Consider Xtrabackup – we use it in many cases to avoid having penalty of LVM snapshot

Mirrors

15 years ago

Peter,
I tested mysql-bench suite,including test-create,test-insert,test-select,but only test-create suffered from LVM snapshot,and about 10 times slower.But it’s seems that select/insert operations are not affected seriously.Is that right?

Author

Peter Zaitsev

15 years ago

Mirrors,

mysql-bench is very poor tool for performance estimation for majority of workloads. It is using very small data set and in this case most of the tests will not be IO bound. test-create calls fsync() for every table created which is likely why it is affected. Test with your real workload or similar on data set of your scale to get meaningful results.

Brett

15 years ago

I know many of you here are talking about Databases setups etc, but on more generally loaded systems, webservers, email, etc would breaking down the size of Logical volumes relieve some of the problem? If you took a snapshot of an extremely large and active Logical Volume then the amount of IO changes would obviously be large and hence overall performance would drop during snapshots. But if you broke down your drives into many smaller Logical Volumes then the performance hit per snapshot (per logical volume) would be less overall. I am talking about more general purpose setups, not pure database systems.

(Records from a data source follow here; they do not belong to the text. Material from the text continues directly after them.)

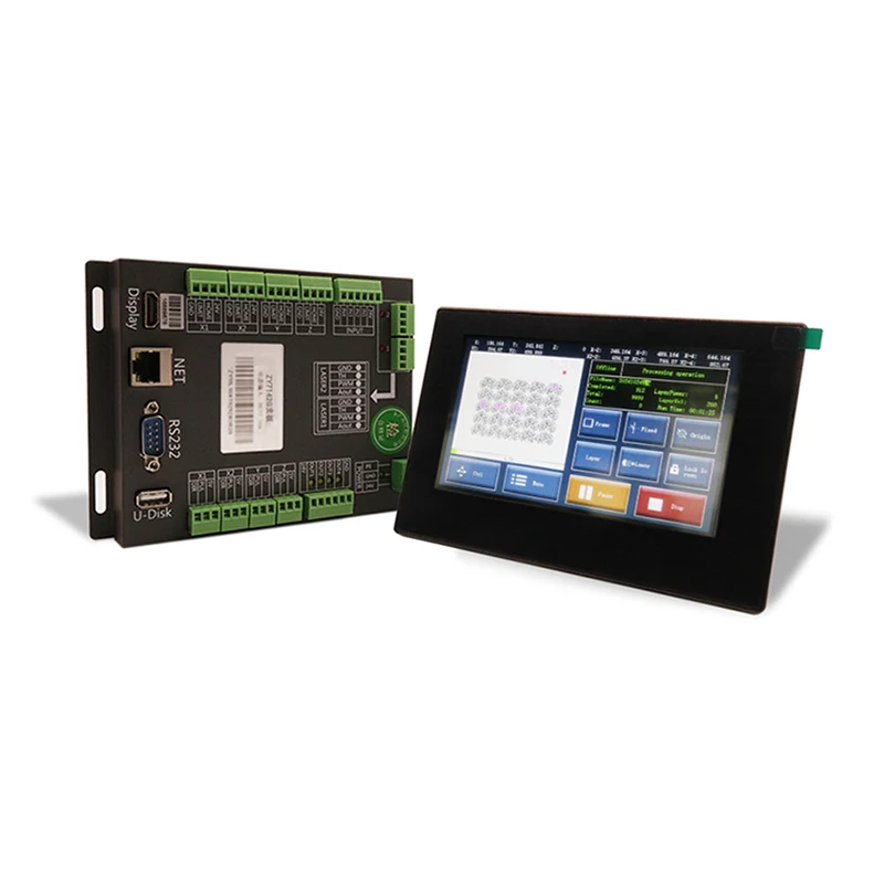 A ZY7142G lézervágó és gravírozási vezérlőpultot a Zhiyuan CNC indítja. Támogatja a 4 tengelyes vezérlést, és egy 7 hüvelykes érintőképernyővel van felszerelve, amely több lézertípushoz alkalmas, beleértve az RF lézereket és a Co₂ Glass Tube lézereket.
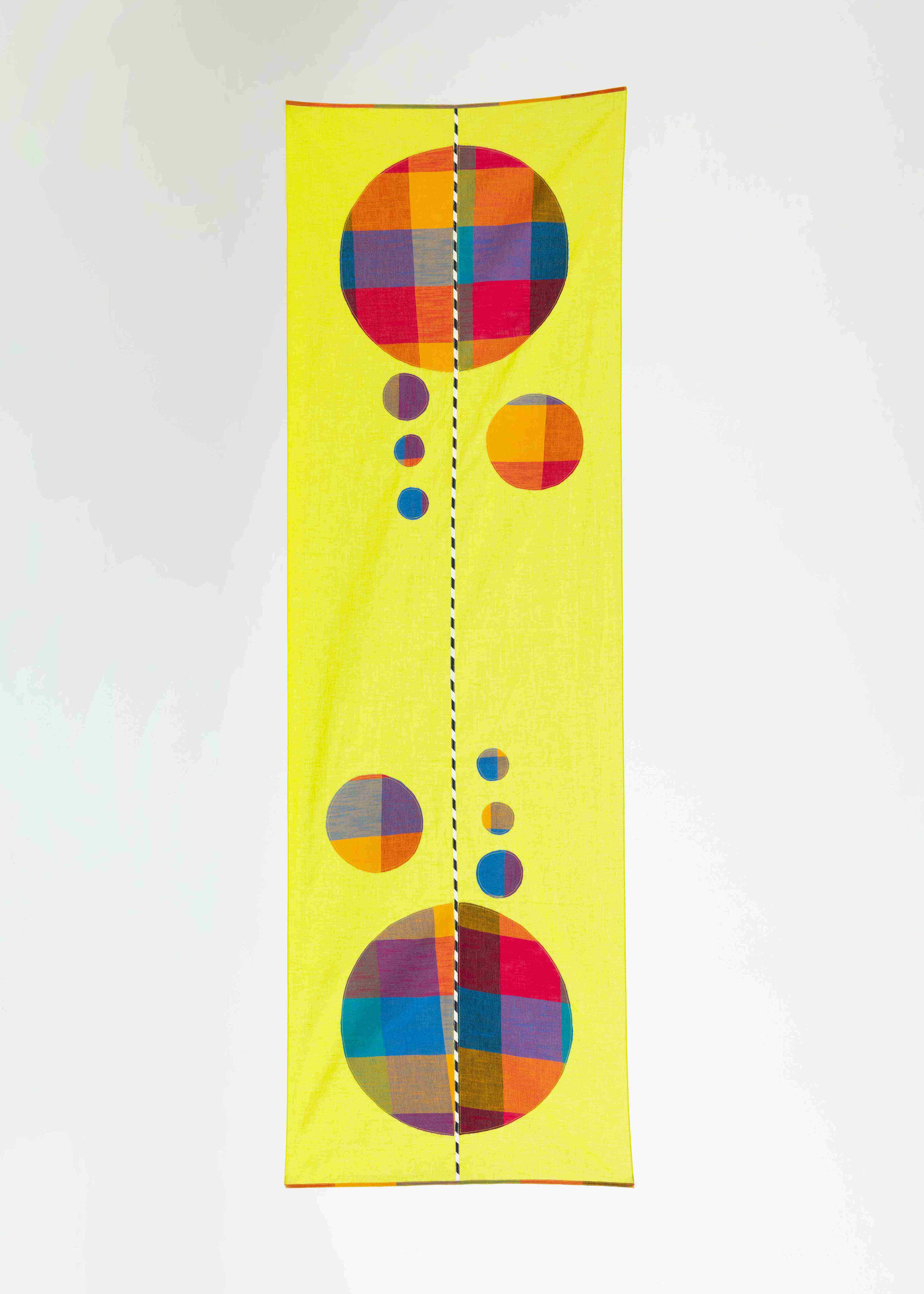 A Versatile Lime Green Stole Crafted To Compliment Both Casual And Evening Outfits, Featuring Multicolour Polka Appliqué With Monochrome Printed Piping That Enhance Modern And Playful Touch To Any Ensemble
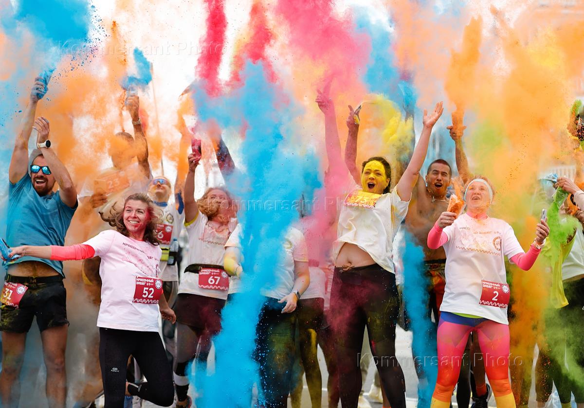 A colorful race along the embankment at the Northern River Station as part of the City Day celebrations. Participants after the race.
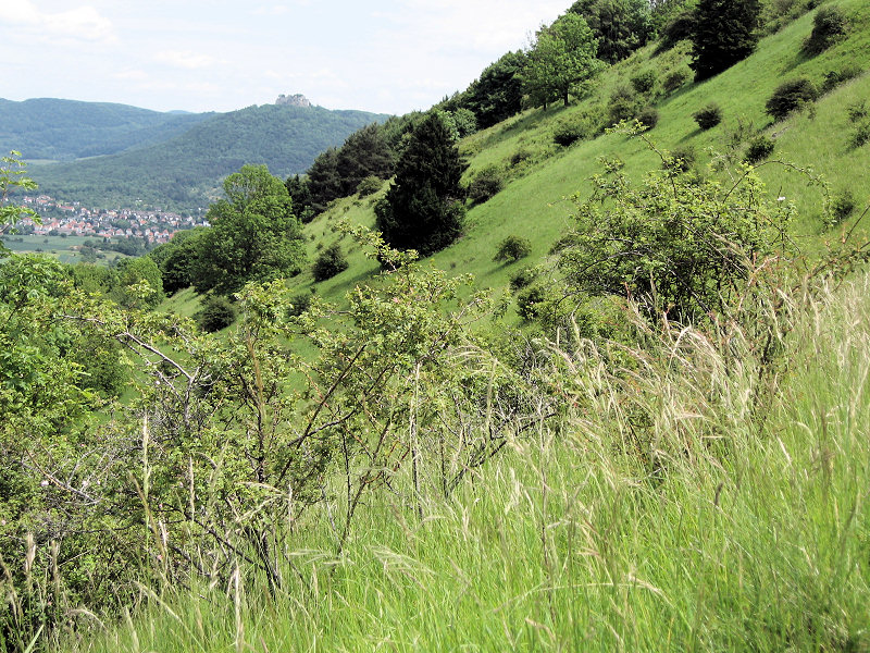Blick über die Schichtstufenlandschaft. Kohlberg liegt auf einer Terrasse, die von den abtragungsresistenten Blaukalken des Mitteljuras gebildet wird.

This is what I am currently looking at now as a possible way to relieve the snapshot “blues” for our servers. Rather than having one large logical volume I am considering breaking them down into many smaller logical volumes. Do people think this could be effective in reducing the performance hit of snapshots?

LenZ

15 years ago

Brett: Sure, if you move the hot spots of activity to separate volumes, there will be less amount of data that has to be copied around while the snapshot exists. It also helps to remove the size required to keep a snapshot active. But it also means that you won’t be able to create a consistent/atomic snapshot across all your data. If that’s not a concern, it sounds like an option to look into.